Abstract

Abstract Hierarchical porous Ni 3 (CO 3 )(OH) 4 and (Ni x Co 1‐ x ) 6 (CO 3 ) 2 (OH) 8 ⋅ H 2 O ( x =0, 1/3, 1/2, and 2/3) structures have been synthesized via a hydrothermal route. The chloride ions in the precursor play an important role in the morphology of (Ni,Co) 6 (CO 3 ) 2 (OH) 8 ⋅ H 2 O. The formation mechanism and growth process of urchin‐like (Ni,Co) 6 (CO 3 ) 2 (OH) 8 ⋅ H 2 O structure was investigated by adjusting the reaction time.
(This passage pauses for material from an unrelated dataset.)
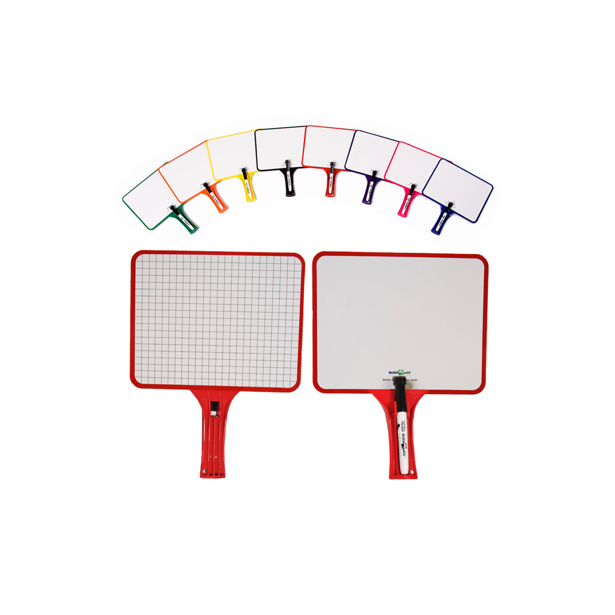 Teachers and trainers find these award-winning 2 sided dry erase paddles, engaging, easy to clean and store, and great for active learning. Lightweight and perfect in size for both young students and adults with a 9.5" x 7.5" writing surface. Paddles are blank on one side and have a graph on the other side. Packaged with markers and eraser for "out of the box" convenience. Set includes 32 whiteboards in 8 assorted colors, 32 dry erase black markers with 48 hour CAP-OFF Ink and eraser, and (1) 14" x 7" microfiber cloth with bookbinder ring. Markers conform to CPSIA and ASTM D-4326 standards and fit in the handles of the dry erase whiteboards and are certified non-toxic and low odor.

The electrochemical properties of the products depend on the chemical composition and surface property. Ni 3 (CO 3 )(OH) 4 exhibits higher specific capacitance at a low current density due to its porous structure and larger specific surface area. However, its rate property and cycle stability are much poorer. Co 6 (CO 3 ) 2 (OH) 8 ⋅ H 2 O nanorod‐assembled structure possesses better cyclic performance but lower specific capacitance. (Ni,Co) 6 (CO 3 ) 2 (OH) 8 ⋅ H 2 O electrodes behave improved rate property and cycle stability in comparison with Ni 3 (CO 3 )(OH) 4 , and higher specific capacitance than Co 6 (CO 3 ) 2 (OH) 8 ⋅ H 2 O, which can be attributed to the synergistic effect of bimetal species and unique surface property.